Alternatives considered

Alternative 1: Dynamic/user-defined taxonomy

Pros:
  • Users could create custom life domains.
  • More flexible categorization.
Cons:
  • No shared vocabulary across reflections for cross-user analytics.
  • Increases UI complexity (taxonomy management).
  • Harder to tune classification and scoring when categories are unbounded.
  • Violates 0-user operating principle: add complexity only where there’s measured need.

Alternative 2: Single scoring path (pre-computed only)

Pros:
  • Simpler — one source of truth for scores.
  • No runtime computation on read path.
Cons:
  • Cannot support namespace-filtered views (mobile shows scores scoped to selected namespaces).
  • Would require pre-computing scores for every namespace combination.

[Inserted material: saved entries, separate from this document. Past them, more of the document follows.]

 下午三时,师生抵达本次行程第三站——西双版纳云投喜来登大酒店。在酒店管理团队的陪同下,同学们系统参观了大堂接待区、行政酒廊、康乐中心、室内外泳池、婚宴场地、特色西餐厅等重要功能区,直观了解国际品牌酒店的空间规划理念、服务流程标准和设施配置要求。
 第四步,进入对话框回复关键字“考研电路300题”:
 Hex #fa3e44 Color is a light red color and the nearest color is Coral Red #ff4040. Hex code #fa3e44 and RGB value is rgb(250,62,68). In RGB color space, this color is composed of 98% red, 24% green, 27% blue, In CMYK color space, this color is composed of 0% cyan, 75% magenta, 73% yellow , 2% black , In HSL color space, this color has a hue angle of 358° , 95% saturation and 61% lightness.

Alternative 3: Upstream classification only (no deterministic fallback)

Pros:
  • Higher-quality classifications from LLM.
  • Simpler code — no regex patterns to maintain.
Cons:
  • Facts ingested without LLM aspect tags (e.g., legacy data, fallback paths) would have no aspect associations.
  • Regex provides a baseline that catches obvious domain signals even when LLM tags are absent.
  • Hybrid approach allows graceful degradation.

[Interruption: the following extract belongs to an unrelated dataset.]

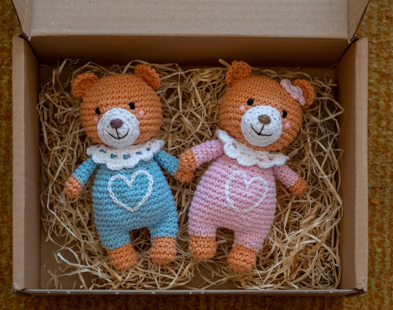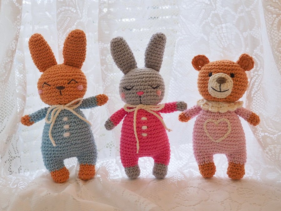 Háčkované medvedíķy a zajkovia. Bavlnená a bavlneno- akrylová priadza. Mackovia majú cca 15 cm, zajačiky 17 cm. V dvoch verziách - s vyšitým srdiečkom a golierikom alebo s mašličkou okolo krku ( mašlička sa dá dať dole) . Môžem rôzne nakombinovať.

Alternative 4: Post-hoc tagging (classify after facts are active)

Pros:
  • Simpler ingestion pipeline — no staging column needed.
Cons:
  • Breaks the temporal fact lifecycle — aspect associations would appear before fact activation.
  • Race condition: aspects could reference facts that are later rejected during patch review.
  • Staging column aligns with existing patch-based promotion pattern.

Consequences

Benefits:
  • Users can navigate their knowledge graph by life domain, seeing depth and gaps at a glance.
  • Fixed taxonomy enables consistent cross-reflection analytics and future comparative features.
  • Hybrid classification provides resilience — deterministic patterns cover the baseline, LLM tags add precision.
  • Dual scoring supports both pre-computed dashboard reads and runtime namespace-filtered mobile views.
  • Seeded aspects ensure every reflection has a complete aspect grid from creation, even before any facts exist.
Costs:
  • 14 regex patterns require maintenance as domain definitions evolve.
  • Scoring weight tuning (saturation thresholds, dimension weights) is a new parameter surface.
  • Namespace-aware mobile queries add JOIN complexity to the read path.
  • Two tables add to the schema surface.

Implementation notes

  • Taxonomy definition lives in @reflection/schemas.
  • Classification logic is pure functions with no I/O or db/vendor imports.
  • Scoring formula uses weights: volume 40%, entities 25%, diversity 20%, confidence 15%.
  • DB operations split into read (aspects, scores, detail) and admin (seeding, insertion, recomputation) following the query segregation pattern.
  • API routes provide list and detail endpoints with auth + role middleware.
  • Mobile scoring computes at query time scoped to namespace array, using the same formula as the pre-computed path.